Notice the genes highlighted red in the image below.

Select All
The checkbox in the header row next to the "Title (or Source)" column allows you to select all the checkboxes on the page.

Network Generator
After selecting all or some of the results the you desire to be included in the network output, click on "Next"

Network Generator Page
The Network Generator page allows you to select properties like the type of network, the layout algorithm and the file format.

Summary
Summary shows a count of the number of boxes you've checked in the previous screen. It is possible to go back in your browser and select more boxes.

Method
Two types of networks can be generated:

Gene Level - This is a complete network including the input gene list names, the enriched features and the corresponding genes.
Abstracted - This is an abstract view which excludes the genes from the network, retaining only the enriched features related to input gene list names via edges that are weighted by the significance score.

Layout
Five layout options are available:

Kamada-Kawai - JUNG implementation of the Kamada-Kawai algorithm.
Fruchterman-Reingold - JUNG implementation of the Fruchterman-Reingold algorithm.
Spring - JUNG implementation of the Spring layout.
Circle - Lay all nodes in a circle (JUNG implementation).
Meyer's Self-Organizing - JUNG implementation of Meyer's "Self Organizing Map" layout.

File format
Three formats are available:

XGMML - XGMML is an XML based graph representation format compatible with Cytoscape.
PNG - Network in PNG image format.
Text - Network data in a simple text format.

Preview
Preview shows a smaller version of the PNG format in the "Preview" window below.

Using XGMML in Cytoscape

An example XGMML file can be downloaded here.

In Cytoscape, choose "File" > "Import" > "Network (multiple file types)".

In the "Import Network" dialog, choose "Select".

In the "Import Network Files" dialog, locate and choose the XGMML file and back in the "Import Network" dialog, choose "Import".

The network can be viewed and analyzed further in Cytoscape.

5. TreeView Clustered Data Output

[Back to top]

TreeView format CDT files can be obtained by choosing the "Clustered Data (zipped)" option from the ToppCluster output formats.
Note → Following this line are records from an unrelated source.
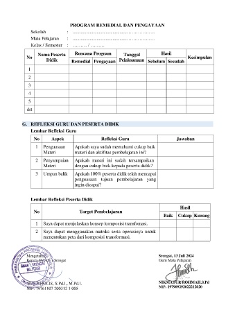 G. REFLEKSI GURU DAN PESERTA DIDIK
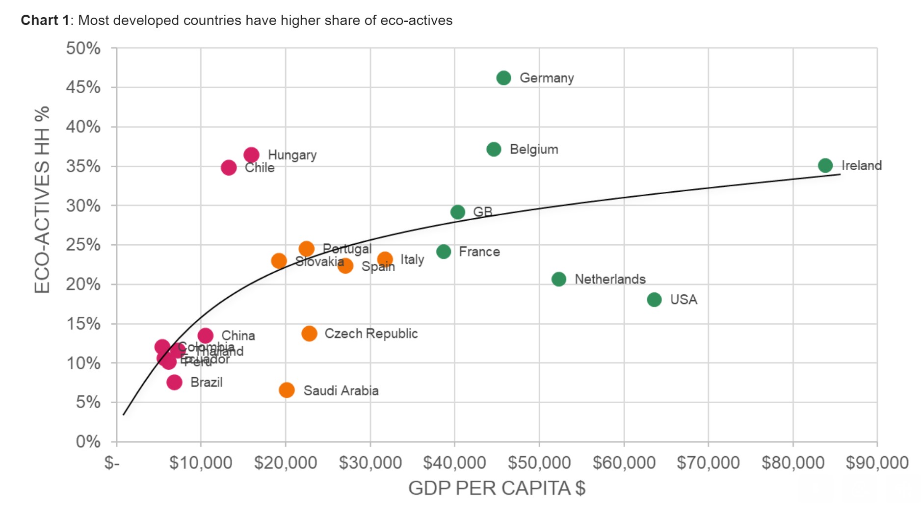 Germany has the largest Eco-actives segment – accounting for 46% of households in 2021, followed by Belgium and Hungary. At just 7% of households, Saudi Arabia is the country with the lowest penetration of eco-actives. There is a direct correlation between GDP per household and the prevalence of eco-active households (see chart 1). Of the more economically advanced countries, the Netherlands and the United States have the lowest incidence of Eco-actives.
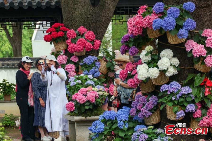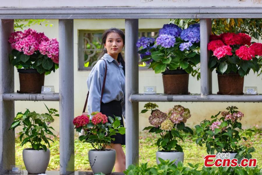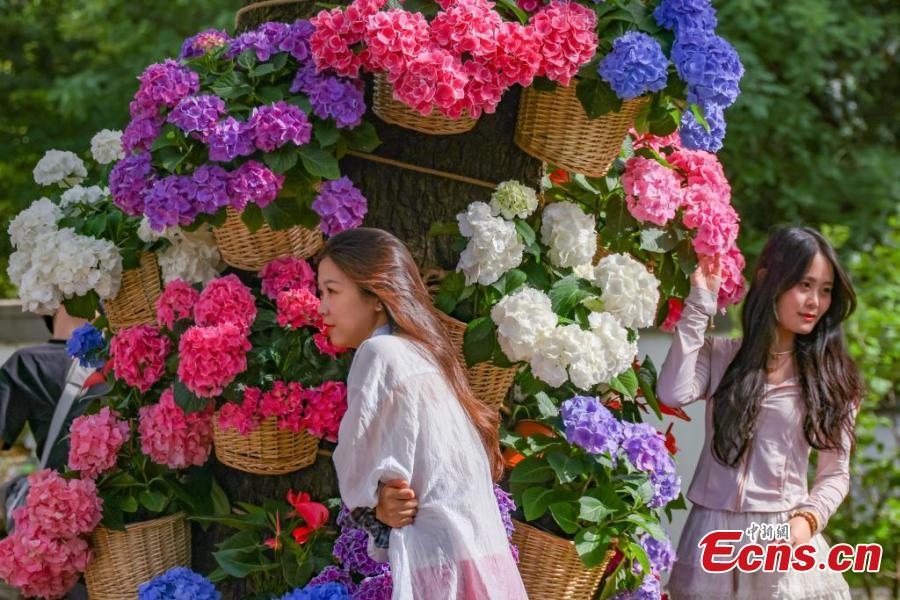 Visitors pose for photos amid blooming hydrangea flowers at Nanjing Botanical Garden Mem. Sun Yat-Sen in east China's Jiangsu Province, May 6, 2025. (China News Network/Yang Bo)
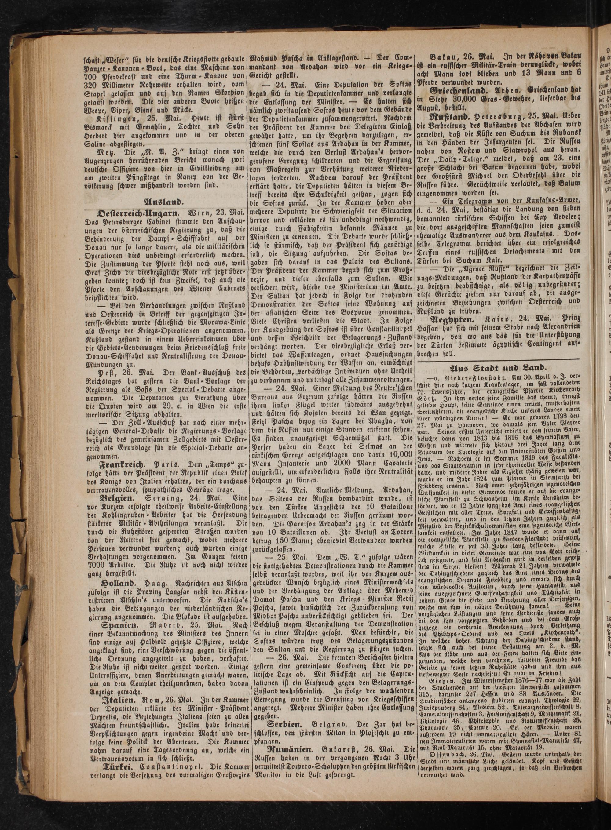 Rumänien. Bukarest, 26. Mai. Die Russen haben in der vergangenen Nacht 3 Uhr vermittelst Torpedo ⸗Schaluppen den größten türkischen Monitor in die Luft gesprengt.

An email address needs to be provided; the results are emailed to this address.

Once computed and generated, a ZIP file containing the CDT file set is emailed to the email address provided. Additionally, an online Java TreeView link to the results is provided. This link is made available for 21 days.

An example CDT file set can be downloaded here.

Unzip the CDT files to a convenient location.

In Java TreeView, choose "File" > "Open".

In the "Open" dialog, locate the unzipped Clustered Data files, select the CDT file, and click "Open".

The clustered data tree can be viewed and analyzed further in TreeView.

6. References

Chen, J., H. Xu, et al. (2007). "Improved human disease candidate gene prioritization using mouse phenotype." BMC Bioinformatics 8: 392.

Eisen, M. B., P. T. Spellman, et al. (1998). "Cluster analysis and display of genome-wide expression patterns." Proc Natl Acad Sci U S A 95(25): 14863-8.

Alok J. Saldanha. (2004). "Java Treeview—extensible visualization of microarray data." Bioinformatics 20(17):3246-3248.

R-Development-Core-Team (2007). "R: A language and environment for statistical computing." R Foundation for Statistical Computing, Vienna, Austria. ISBN 3-900051-07-0, URL http://www.R-project.org.

Shannon, P., A. Markiel, et al. (2003). "Cytoscape: a software environment for integrated models of biomolecular interaction networks." Genome Res 13(11): 2498-504.